People who think collaboration is an appropriate term in these cases should think about the etymology of that word.

Onboarding?

I don’t mind this term when used to describe what can happen when an employee is hired by a company, but that’s not what goes on when an agency gets a freelancer to agree to a rate and to sign an NDA. Agencies are very seldom hirers of translators, but rather are purchasers of translation services from freelance translators for resale of those services, often with post-purchase processing, which they most often need to outsource as well.

The terms collaboration and onboarding are feel-good terms that agencies hope will compensate at least in part for not treating as professionals the professionals that enable their continuing business.

These terms are also widely adopted by freelancers themselves, perhaps in the hope that they feel good if they reflect reality. They rarely do.

In decades of selling translation and interpreting to consumers and purchaers of those services, I cannot think of a single instance that I could fairly claim to have collaborated with a client. And, of course, I’ve never been onboarded by a client.

Earth to ATA! Come in please!

The text cited below, regarding translation, but in a post by ATA on LinkedIn introducing an article on AI use for visual dubbing, is perhaps the most recklessly irresponsible thing that I’ve seen ATA say, albeit backhandedly, about the currently ongoing demise of human translators.

“Many believe that translation will be one of the first ones to go”? Yes, and they are correct. But the implication of the ATA statement is that translation will not go, and the ATA goes on to chant the commonly heard mantra of “it will just change the way we work.” Really? The reality is that the work is mostly gone for countless freelance translators already.

Is it just arrogance on the part of the ATA to think that people will believe this nonsense?

Is it that the people running the organization are so desperate to maintain their own relevance that they’re willing to deceive members with this batshit crazy take on the current existential crisis? Shame on the ATA and the people running it.

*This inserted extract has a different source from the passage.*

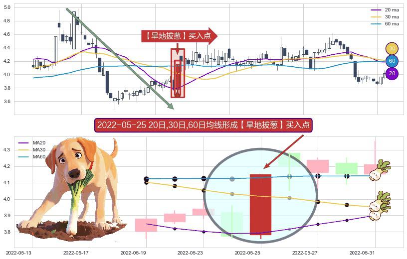 ⚀ 2022-05-25日显现 20日-30日-60日均线 【旱地拔葱】买入点 看多信号,后市看涨,买入

Translation has already gone away for most freelancers. It’s not something that will happen in the future, and it’s not a prediction. It’s gone for almost all freelance translators, and organizations like the ATA need to stop their irresponsible statements like this.

“Changing the way we work” is a cute way of not actually recognizing that human professionals are mostly now only being asked to perform tasks that pay so little that such work is in no way a replacement for the earnings that translation work brought professionals before translation-brokering agencies migrated to AI to eliminate the need to pay humans for translating.

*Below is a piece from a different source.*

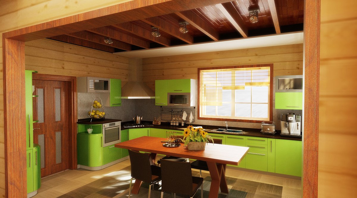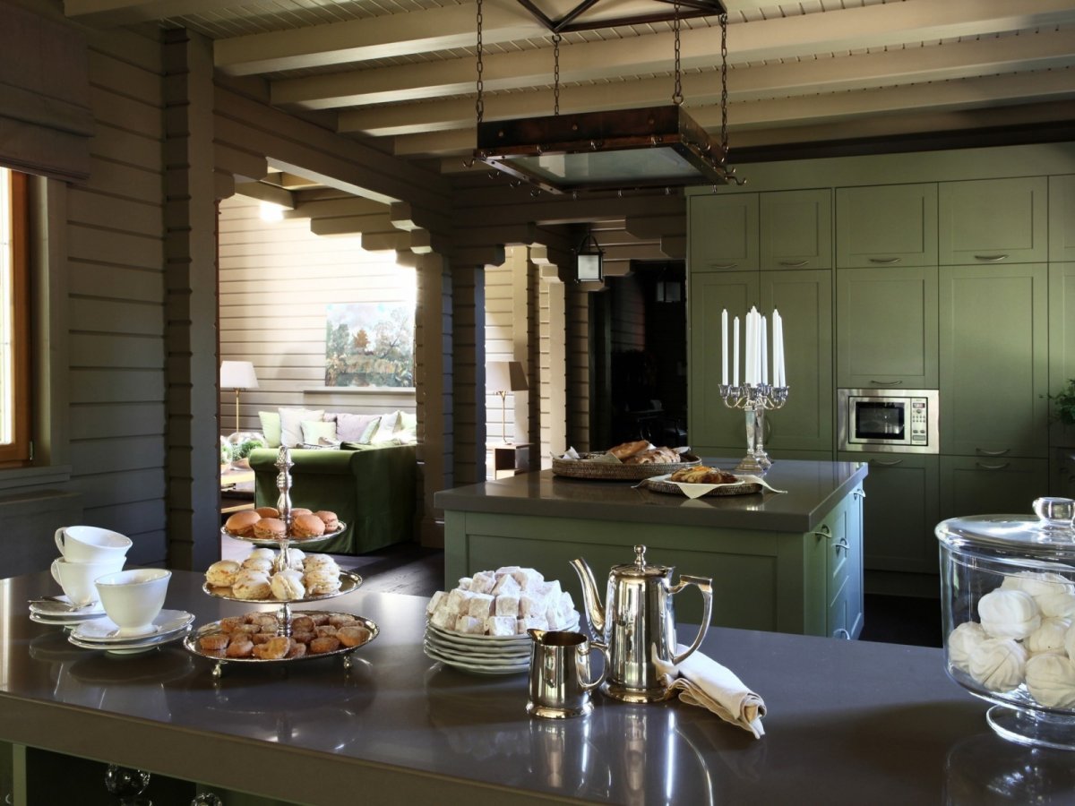 52. Зеленая кухня в деревянном доме

The reasons that the translation-brokering agencies are able to succeed as they are succeeding in replacing humans for translation might be too painful for the ATA and many of its members to discuss. But those reasons need to be discussed and understood.

I can certainly imagine the desire on the part of the ATA directors must feel to maintain their relevance even as the relevance of their members slips rapidly away, but this aspirational delusion of the work just changing is simply disingenuous at best. It’s arguably deception by implication. Knock it off.

Many believe automation and AI will fully take over a wide array of professions, and that translation will be one of the first to go. While companies are definitely deploying AI for many tasks, more often it isn’t replacing jobs so much as changing the way we work—and what is possible.